A complaint was made to us in the course of the day, that an Huzareh female, returning to her own country with one attendant, had been seized and carried away to one of the adjacent forts, where she was detained; and our interference was requested with a view to obtaining her release. We were of course most anxious to help the poor woman, especially as it appeared from what was reported to us that there were not the slightest grounds for the outrage, beyond the helplessness of her situation and the natural cupidity of the robber chief of the fort; but, unfortunately, we were travelling without credentials, the Envoy having declined to furnish us, lest the inhabitants should fancy that we were vested with any political power; and therefore we could not interfere, and what became of her I know not, though we were afterwards told that on her resigning her trinkets as her ransom she would be released. Indeed the personal ornaments of the petty chiefs are generally the point of some lawless proceeding like the one alluded to, as they are seldom possessed of sufficient capital in specie to purchase jewels, but exchange their grain and fruits for clothes and precious stones. I have mentioned the above circumstance to give the reader some notion of the lawless state of society, deeming it out of keeping with the humble character of this simple narrative, and perhaps beyond the ability of the writer, to enter more minutely into the various causes which have contributed to bring the country into so unhappy a state.

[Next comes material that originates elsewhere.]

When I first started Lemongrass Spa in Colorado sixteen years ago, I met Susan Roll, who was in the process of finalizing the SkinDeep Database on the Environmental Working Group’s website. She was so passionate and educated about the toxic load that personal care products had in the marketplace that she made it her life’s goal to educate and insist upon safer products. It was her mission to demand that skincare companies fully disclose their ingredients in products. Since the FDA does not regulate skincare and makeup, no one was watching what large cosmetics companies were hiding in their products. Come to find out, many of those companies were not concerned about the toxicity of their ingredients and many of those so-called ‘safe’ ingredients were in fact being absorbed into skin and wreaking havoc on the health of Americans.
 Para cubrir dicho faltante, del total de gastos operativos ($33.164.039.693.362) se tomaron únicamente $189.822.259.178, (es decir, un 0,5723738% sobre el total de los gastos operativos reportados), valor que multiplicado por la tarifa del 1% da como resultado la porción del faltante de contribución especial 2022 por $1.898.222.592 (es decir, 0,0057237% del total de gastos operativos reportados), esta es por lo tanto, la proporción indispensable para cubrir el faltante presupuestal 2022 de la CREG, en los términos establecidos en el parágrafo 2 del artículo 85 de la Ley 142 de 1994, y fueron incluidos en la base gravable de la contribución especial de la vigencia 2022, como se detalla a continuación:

On the 4th July our route lay across the Dundun Shikkun. Kotul, or “tooth-breaking pass,” and a truly formidable one it is for beasts of burden, especially the declivity on the northern side. Very few venture upon the descent without dismounting, for the surface of the rock is so smooth and slippery, that the animals can with difficulty keep their legs even when led, and many teeth, both of man and horse, have been broken before reaching the bottom.

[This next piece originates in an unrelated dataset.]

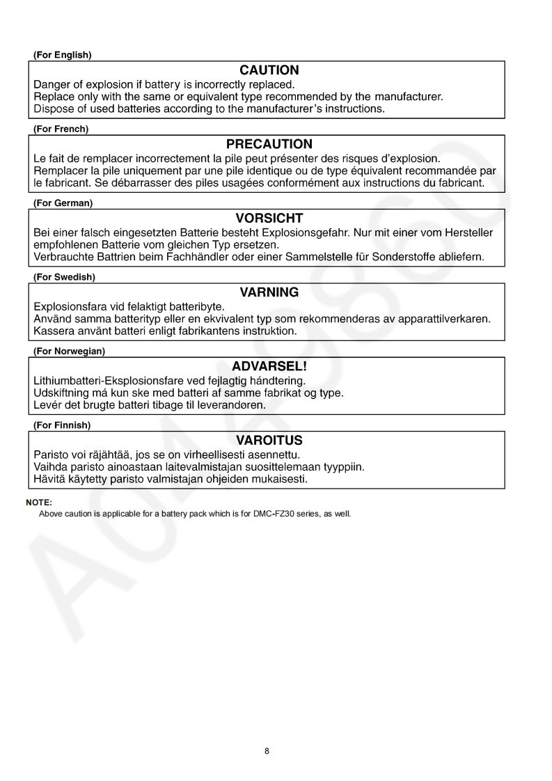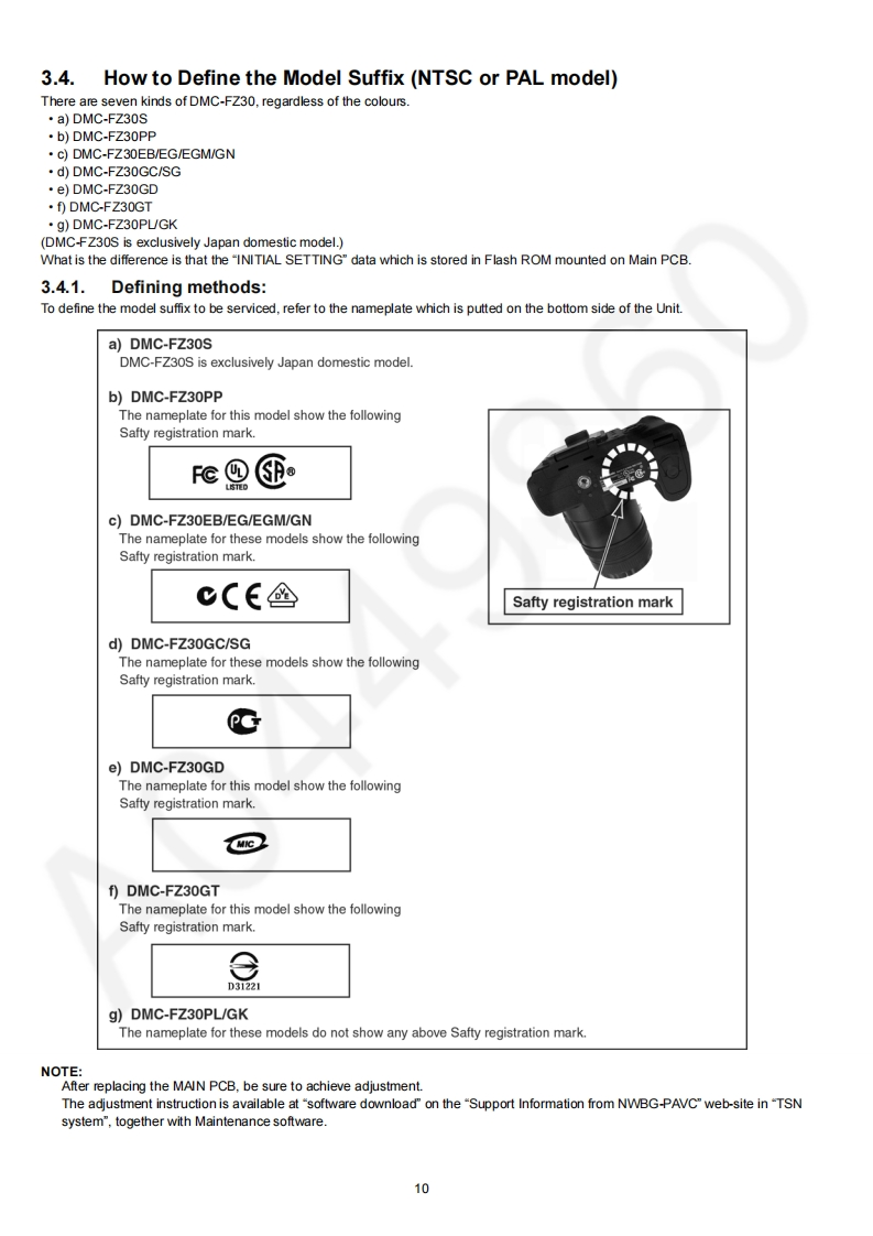 ORDER NO.DSC0508016CEB26Service ManualDigital CameraLUMIXDMC-FZ30PPLEICADMC-FZ30PLDC VARIO-ELMARITDMC-FZ30EBDMC-FZ30EGDMC-FZ30EGMDMC-FZ30GCDMC-FZ30GDDMC-FZ30GKDMC-FZ30GNDMC-FZ30GTDMC-FZ30SGVol.1Colour(S).......Silver Type(K).........Black TypeAWARNINGThis service information is designed for experienced repair technicians only and is not designed for use by the general public.It does not contain wamnings or cautions to advise non-technical individuals of potential dangers in attempting to service a product.Products powered by electricity should be serviced or repaired only by experienced professional technicians.Any attempt to serviceor repair the product or products dealt with in this service information by anyone else could result in serious injury or death.2005 Matsushita Electric Industrial Co.,Ltd.AllPanasonicrights reserved.Unauthorized copying and distribu-tion is a violation of law.

The valley of K[=a]mmurd lying at the foot of the northern side of the pass has a very fertile appearance, and orchards of different descriptions of fruit-trees are interspersed throughout the cultivation. The fort of the principal chief, named Uzzuttoollah Beg, from whom we received a visit, is high up the valley, and there are two others of minor importance on either bank of the river, lower down and together.
Uzzuttoollah Beg was in appearance a very fine old man with an imposing white beard; he was six feet high, large boned and muscular, and by far the most powerful and stately looking personage we had hitherto met; but he was a shrewd wicked old fellow, and when the star of British prosperity began to wane, proved himself a dangerous enemy. His own vassals, from whom he exacted the strictest obedience, stood in great awe of him. He came merely, he said, to pay his respects, to chat over political affairs, and to inquire from us whether the English intended giving up his valley to the Meer Walli of Koollum. We could give him no information as to the intentions of Government. “Khoob (well,)” answered he, “if such really be the case, the Meer Walli may seize me if he is able, provided _you_ keep aloof; the Meer has tried that game before now, but did not succeed; on two separate occasions he has visited my fort in an unceremonious manner, and with hostile intent; but, gentlemen, there are two sides to a fort, the inside and the out. I was in–the Meer was out, and I kept him there; till, (suffering no other inconvenience myself than the deprivation from riding for a few days,) by keeping up a constant fire on his ragamuffins, I one fine day compelled him to beat his retreat:” and so saying, he stroked his beard with much complacency, evidently considering it and its owner the two greatest wonders of the Toorkisth[=a]n world.
It may be as well to remark here, that in these valleys as throughout Affghanist[=a]n in general, the forts are made of mud, the walls being of great strength and thickness; they are built gradually, and it takes many months to erect a wall twenty feet high, as each layer of mud is allowed to bake and harden in the sun before the next is superimposed. Now, as none of the chiefs possess cannon, except the Meer Walli and Moorad Beg of Koondooz, it is almost impossible to gain an entry into a well-constructed fort, except by treachery; and even the few honey-combed pieces of small calibre possessed by the above chieftains would not have much effect against the massive ramparts.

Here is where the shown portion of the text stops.